Осложняла работу молодых десятников и сама погрузка стоек в железнодорожные вагоны. Ведь приходилось следить за тем, чтобы грузчики не захватили те стойки, которые ещё не были сданы японскому приёмщику, чтобы они загрузили вагон полностью, так как при перевеске вагонов, а это делалось на станции Угольной (только там имелись вагонные весы), если обнаруживался более или менее существенный недогруз, то железная дорога составляла акт, и Дальлесу приходилось платить штраф. Такие недочёты отражались на десятниках, руководивших погрузкой.
Нужно было, наконец, следить и за своевременностью погрузки: на погрузку отводилось строго определённое время, задержка вагонов вызывала опять-таки штраф. А в этом вопросе Макар Макарович был беспощаден. Штраф платила контора, но 10 % его взыскивали и с виновных десятников. Следовательно, и в этом деле нужна была предельная внимательность.
Само собой разумеется, что, несмотря на такую загруженность по службе, ни Фёдора, ни Бориса от их комсомольских обязанностей никто не освобождал. Борис продолжал так же руководить своим пионерским отрядом, который численно рос не по дням, а по часам, и требовал всё большего и большего внимания. Принимал Борис участие и в оформлении стенгазеты, и в драмкружке, и в оркестре, и во всех собраниях, и в других делах комсомольской ячейки.
К концу января Франц Иванович сшил-таки обоим ребятам долгожданные костюмы. Гимнастёрки сидели немного мешковато, зато галифе были таких размеров, что новонежинские ребята прямо лопались от зависти. Правда, уже через неделю у Бориса с этими брюками произошли серьёзные неприятности.

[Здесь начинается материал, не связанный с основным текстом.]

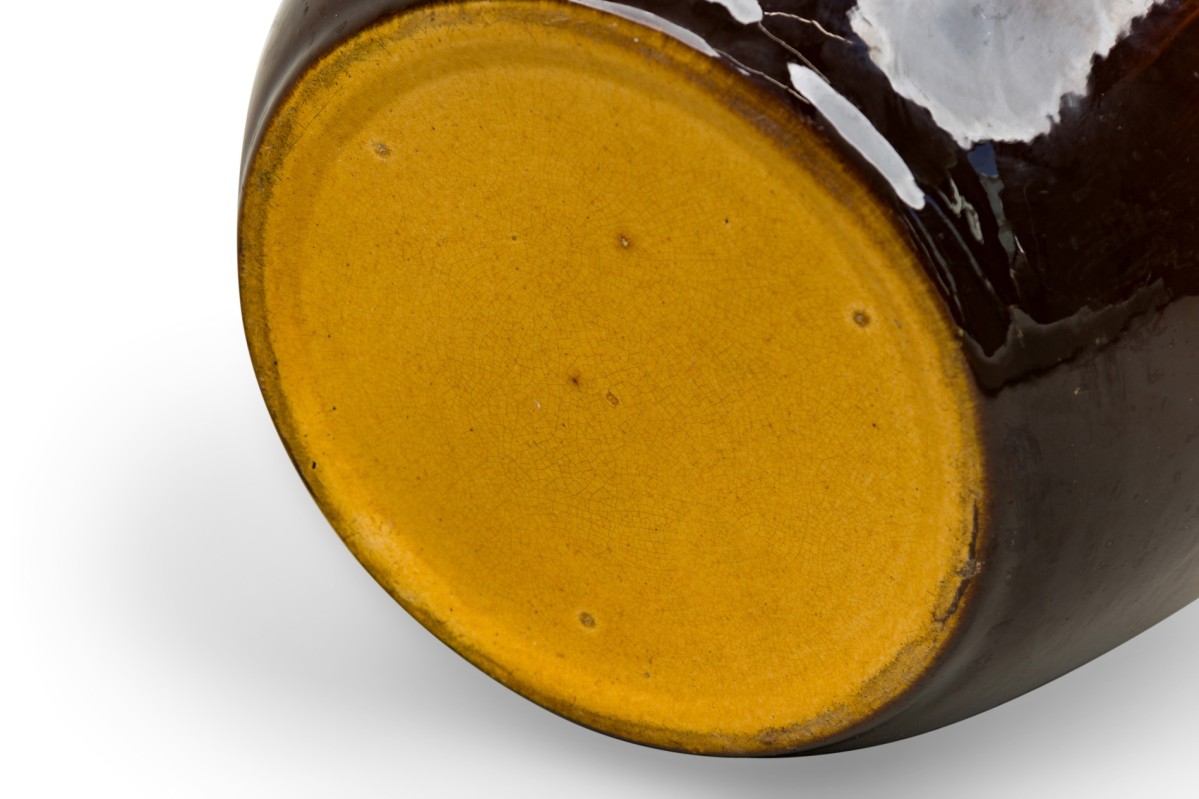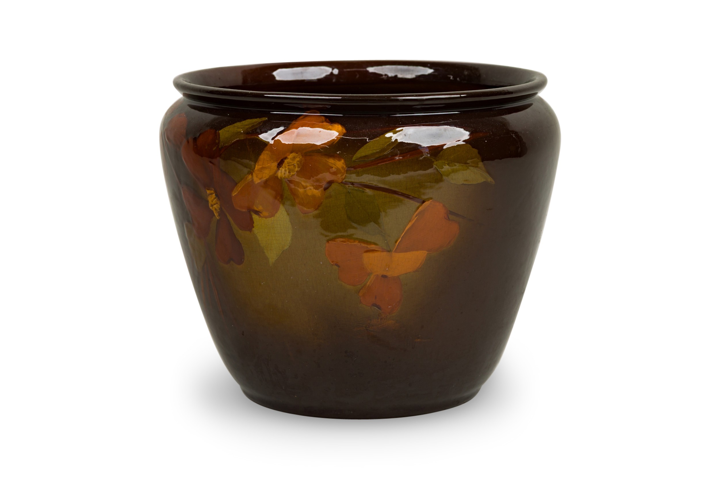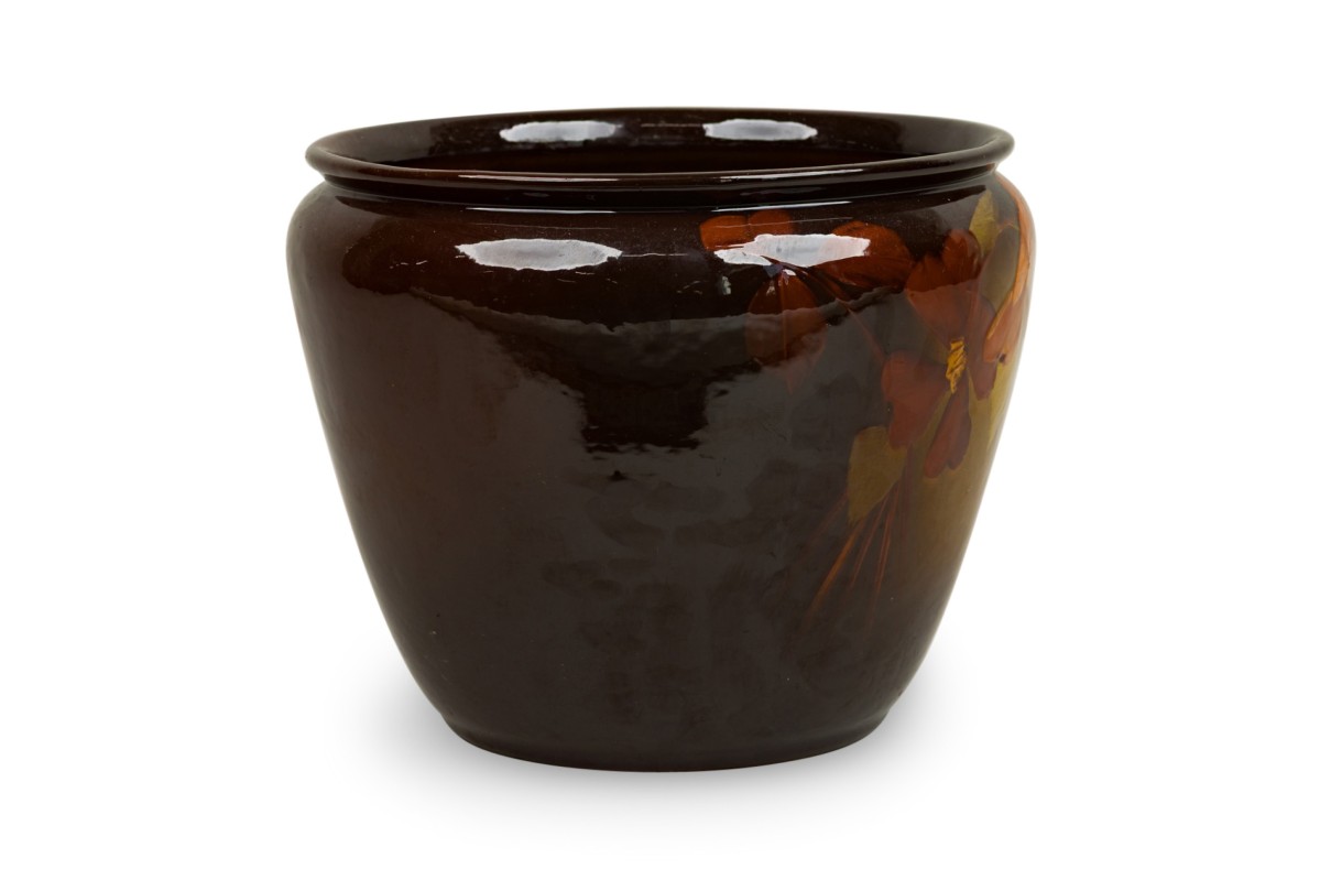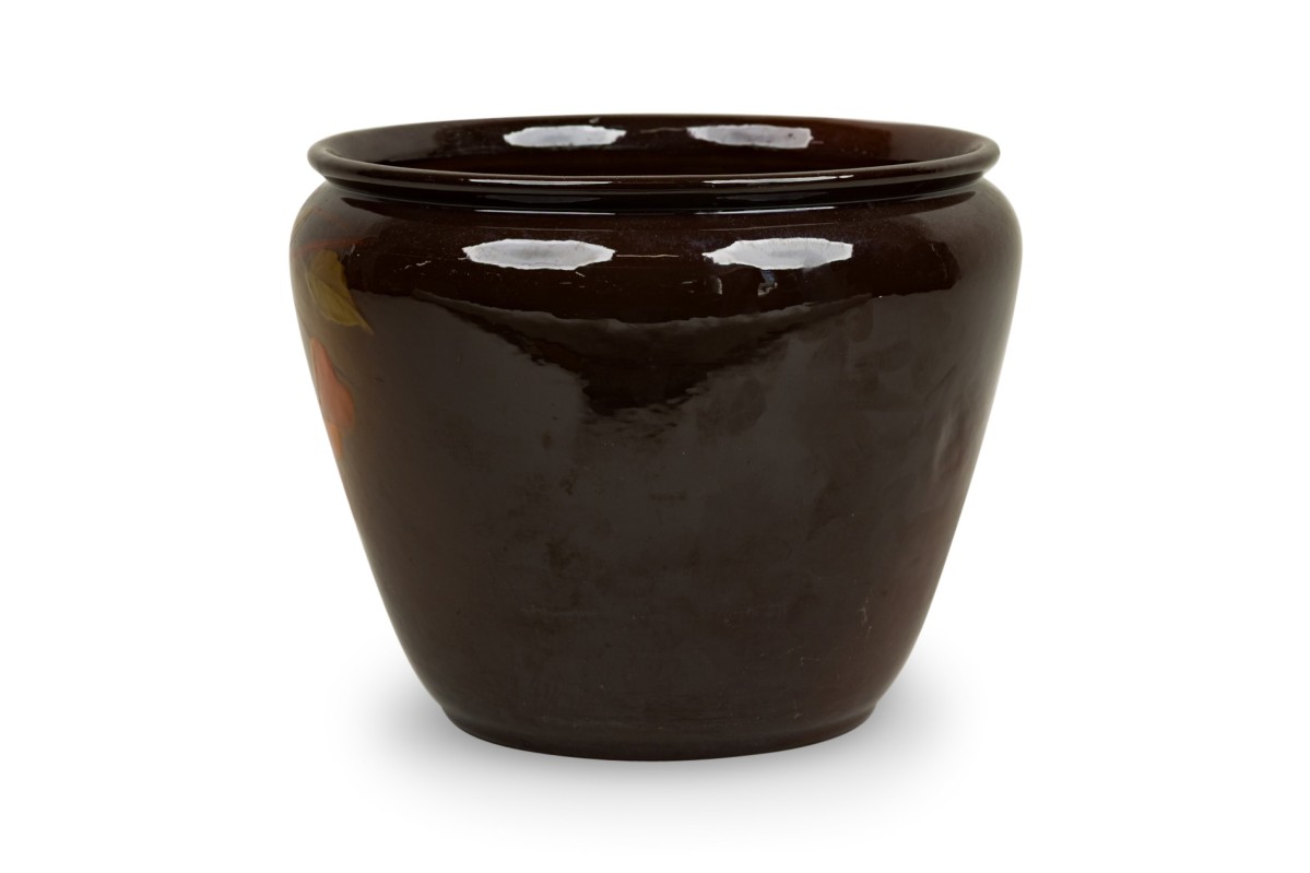 American Mission glazed brown porcelain jardiniere with hand painted monochromatic floral detail (WELLER POTTERY)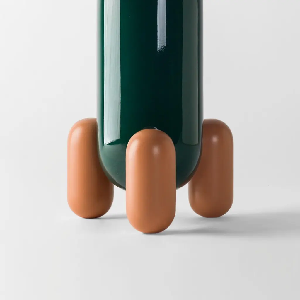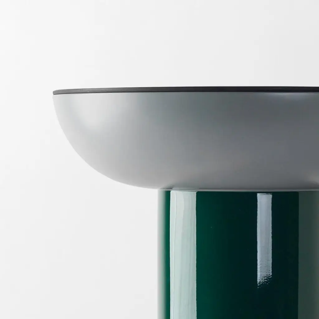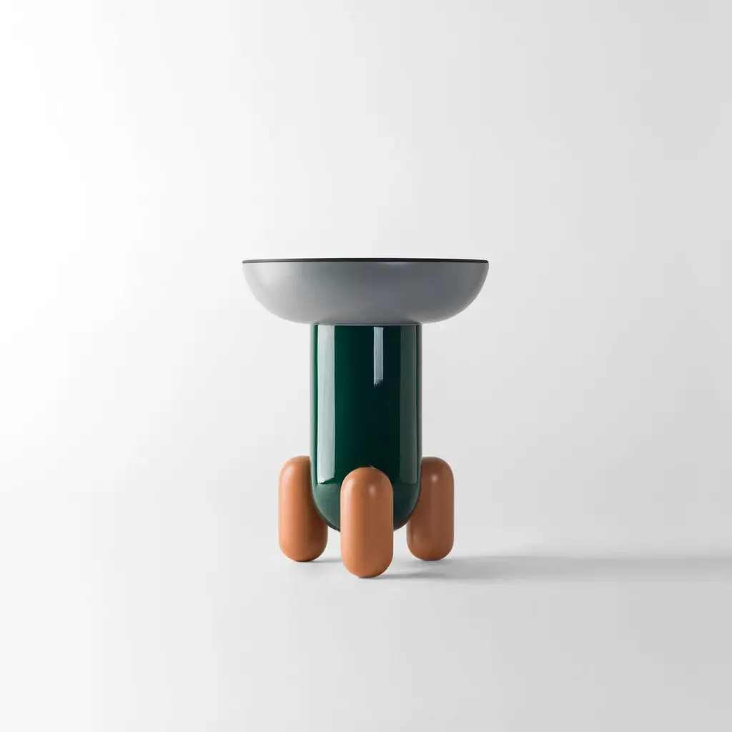 Multi-color explorer #01 tableDesign by Jaime Hayon, 2019Manufactured by BD Barcelona.Lacquered fiberglass body. Solid turned wooden legs and lacquered. Painted glass tabletop.Measures: 40 Ø x 50 cm- Glass: RAL 7021- Top: RAL 6005 mate- Middle: RAL 7001 gloss- Legs: RAL 3012 mate.

Галифе в нижней своей части шились так, чтобы облегать ногу в обтяжку от щиколотки до нижней части бёдер, переходя далее в пышные крылья и заканчиваясь широким поясом. Франц Иванович сшил их по самой новейшей моде, но не учёл того, что у Бориса колени и икры оказались очень мощными. Когда заказчик натянул новые брюки, то почувствовал, что его ноги ниже колен будто очутились в тисках. При ходьбе это не особенно мешало, и на вопрос Франца, хорошо ли сидят на нём брюки, он ответил, что хорошо.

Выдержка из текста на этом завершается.